I'll try to post a link here when I find it again.


----------



## drivin98 (May 9, 2008)

Some recent dyno videos have appeared on YouTube, including a 160 mph run. Not so silent.


----------



## RIPPERTON (Jan 26, 2010)

> Hitch up a trailer behind the bike for that kind mass.


@ 36 seconds



> "a trailer full of batteries"


http://www.youtube.com/watch?v=M7bvFSrB-qE&NR=1


----------



## major (Apr 4, 2008)

drivin98 said:


> but there's a long interview with Chip in two parts with the 2nd part coming out any day.
> I'll try to post a link here when I find it again.

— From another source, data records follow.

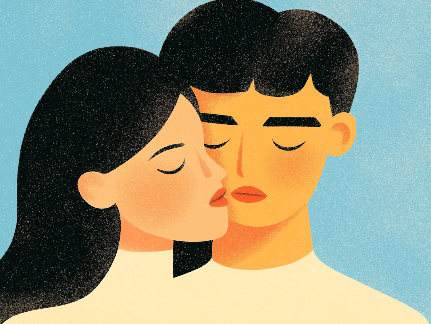 Stylized illustration of a serene couple with closed eyes, embracing against a soft blue background.
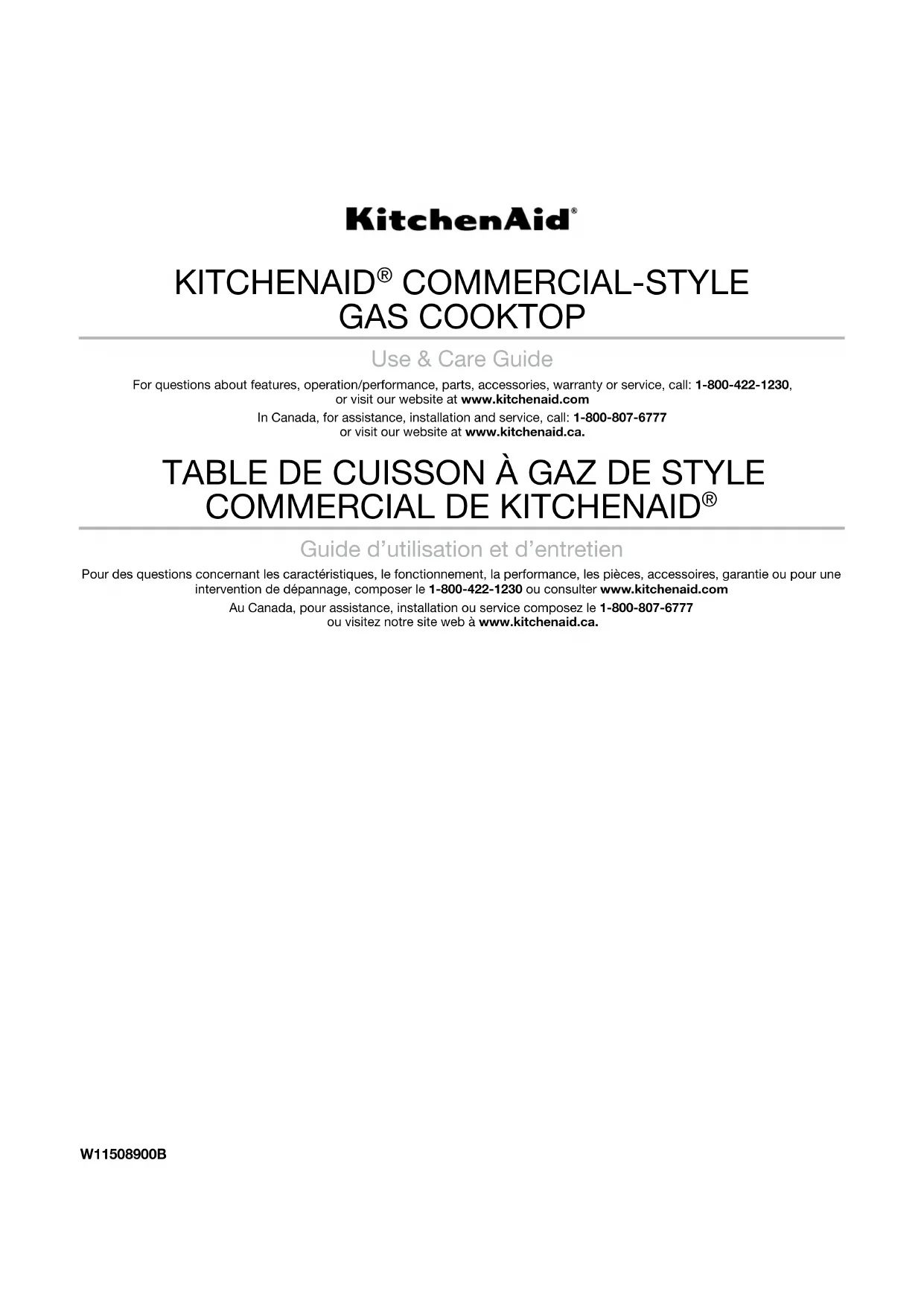 Guide d’utilisation et d’entretien Pour des questions concernant les caractéristiques, le fonctionnement, la performance, les pièces, accessoires, garantie ou pour une intervention de dépannage, composer le 1-800-422-1230 ou consulter www.kitchenaid.com Au Canada, pour assistance, installation ou service composez le 1-800-807-6777 ou visitez notre site web à www.kitchenaid.ca. W11508900B2 Table of Contents Table de matières SAFETY INFORMATION ................................................................3
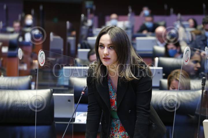 CIUDAD DE MÉXICO, 04NOVIEMBRE2021.- Se realizó la sesión ordinaria en el Senado de la República, la cual estuvo encabezada por Olga Sánchez Cordero. La Cámara Alta alista una reforma que busca crear un marco legal que proteja la labor de repartidores de comida a través de aplicaciones digitales, que en la actualidad no cuentan con ningún tipo de protección, seguridad social y salud por parte de las empresas para las que la laboran. Además el pleno guardo un minuto de silencio por el aniversario del multihomicidio perpetrado en contra de miembros de la familia LeBarón en Bavispe, Sonora. FOTO: CUARTOSCURO.COM
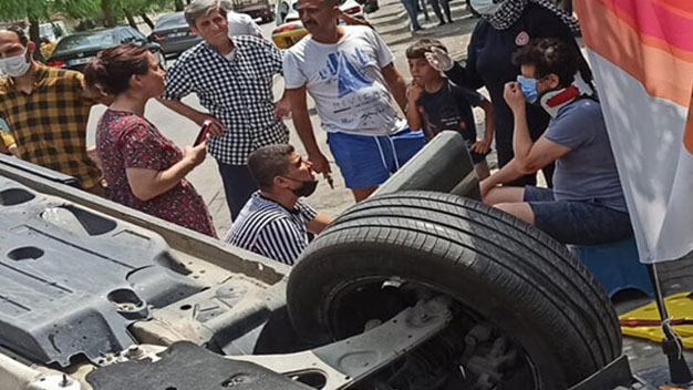 Ünlü oyuncu İlker Aksum’un dün Adana’da geçirdiği kaza yerinde iş yeri bulunan bir vatandaş olayı anlattı. Mustafa Öztürk adındaki vatandaş işyerindeyken büyük bir gürültü duyarak dışarı çıktığını belirtti ve “dinamit patlaşmış gibi çok kötü bir sesti. En son iki takla atarken araç ters döndü. Sonrasında koştuk, kapıyı açtım. Ben de bir şey yok dedi. Bıçağı alıp kemeri kestik, sonrasında çıkarttık. Durumu iyiydi, oturdu elini yüzünü yıkadık. Dizleri mordu, yüzünde kanamalar vardı. O şekilde çıkarttık. Ambulans geldi, binerken kendisinde bir şey olmadığını söyledi. Sağlık ekibi yinede götürmek istedi. Sağlık ekibi kontrol amaçlı hastaneye götürdü” ifadelerini kullandı. İlker Aksum’un kaza yaptığı araç ise kullanılamaz hale geldi.
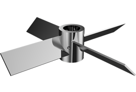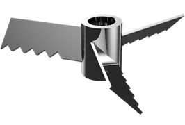 轴流型桨叶,高速回转产生强烈的压差并在边缘锯齿带形成强力剪切,当存在固体颗粒,粉体块或不溶的液体块时,可由利齿粉碎并分散到液体中,充分发挥溶解分散的作用。
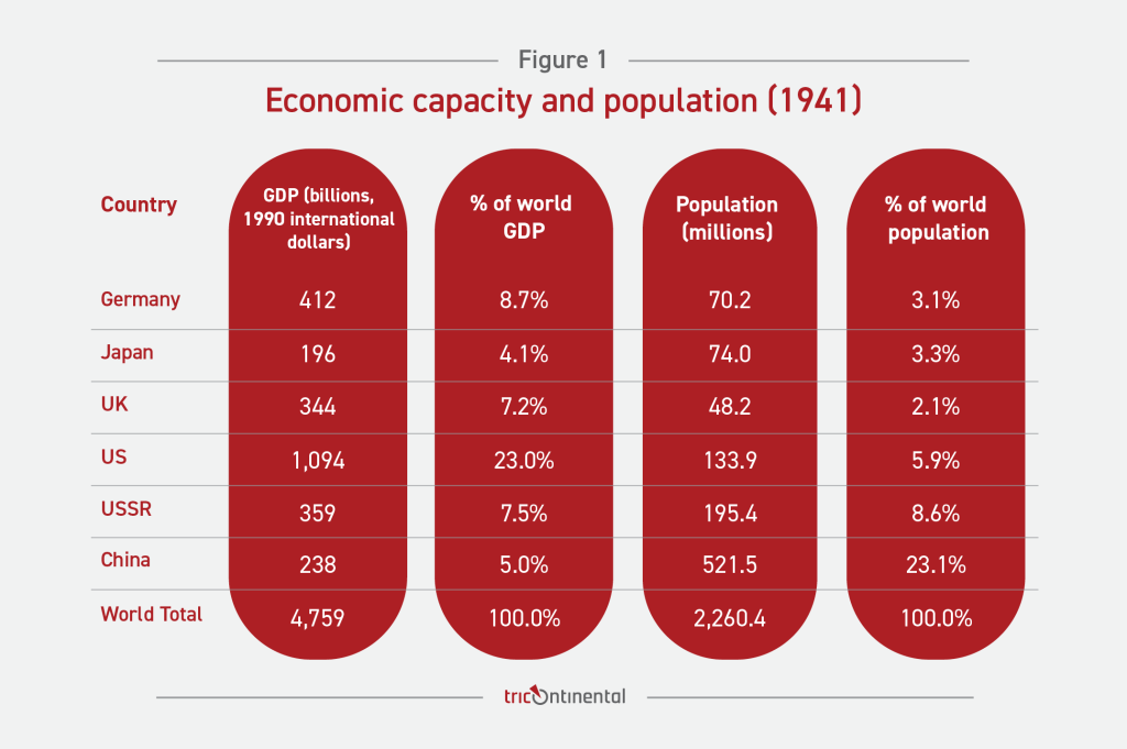 Sources: Population data mainly from Maddison (2010); GDP data mainly from Harrison (1998), p. 10, table 1.3; USSR population for 1941 from Statista (2025); China and world-total GDP are corroborated estimates by Tricontinental: Institute for Social Research. See Section 2 for full methodology.
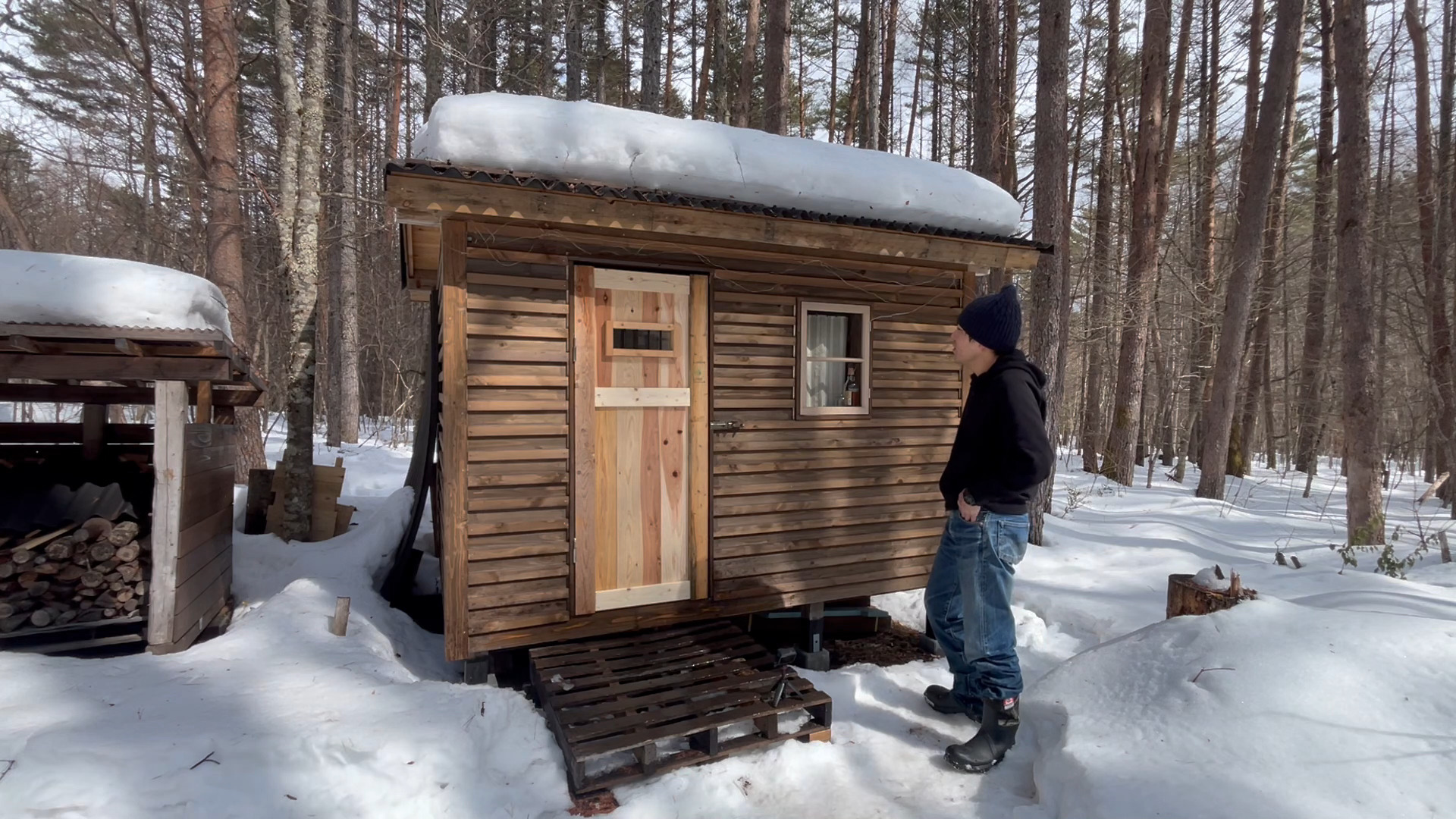 2020年の8月に開拓をスタートして、物置小屋、薪棚、雨水貯水システム、そして小さな小さな山小屋を建てました。
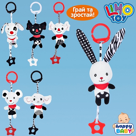 Опис Підвіска м'яка LB2022041301 тваринки, гризунок, брязкальце, 6 видів, кул., 15-16-5 см.
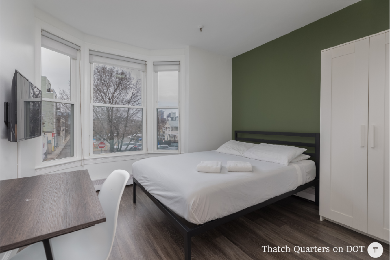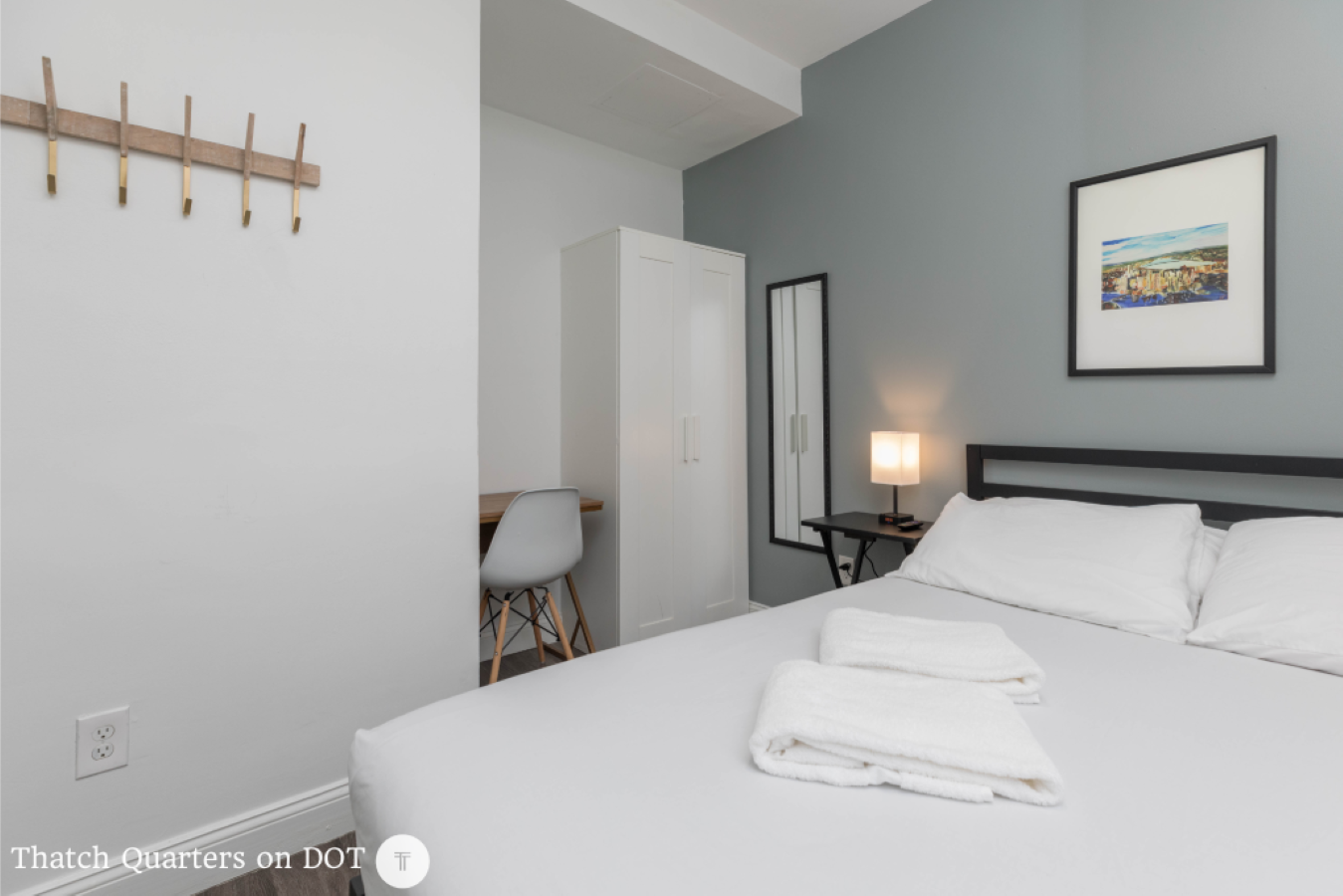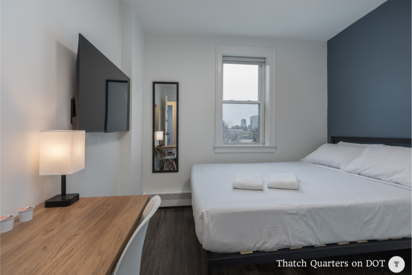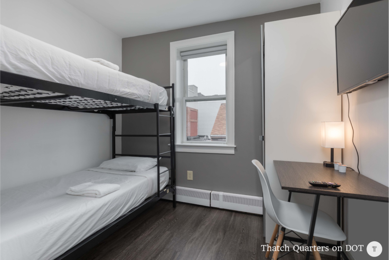 Thatch’s Quarters on DOT™ is our most budget-friendly hotel option in the city, offering basic amenities in a central location. A stay includes choice of a private queen room or twin bunk room with linens, towels for 2 and access to shared bathrooms. Located in the heart of South Boston, you will be steps from Southie’s best restaurants and bars, the “T” and a short walk to the Boston Convention and Exhibition Center (BCEC). Quarters™ is ideal for up to 2 travelers who are comfortable with sharing bathrooms and common spaces with other guests. The experience is like a hostel experience except you have a private bedroom and there are no services or on-site staff. If you are traveling on a tight budget or just need a place to drop bags and lay your head while in Boston, Quarters on DOT™ is a great option.

http://www.roadracerx.com/features/...t-technically-advanced-electric-superbike”-2/ 

Maybe this is it


----------



## RIPPERTON (Jan 26, 2010)

Finally figured out what that chain is going up underneath the (ex) tank.
it goes to a gearbox that is connected to a drive shaft that goes all the way down to the front wheel.....regen.
hope they can justify the extra weight considering they wont be able to get rid of the disc brake.


----------



## major (Apr 4, 2008)

RIPPERTON said:


> hope they can justify the extra weight considering they wont be able to get rid of the disc brake.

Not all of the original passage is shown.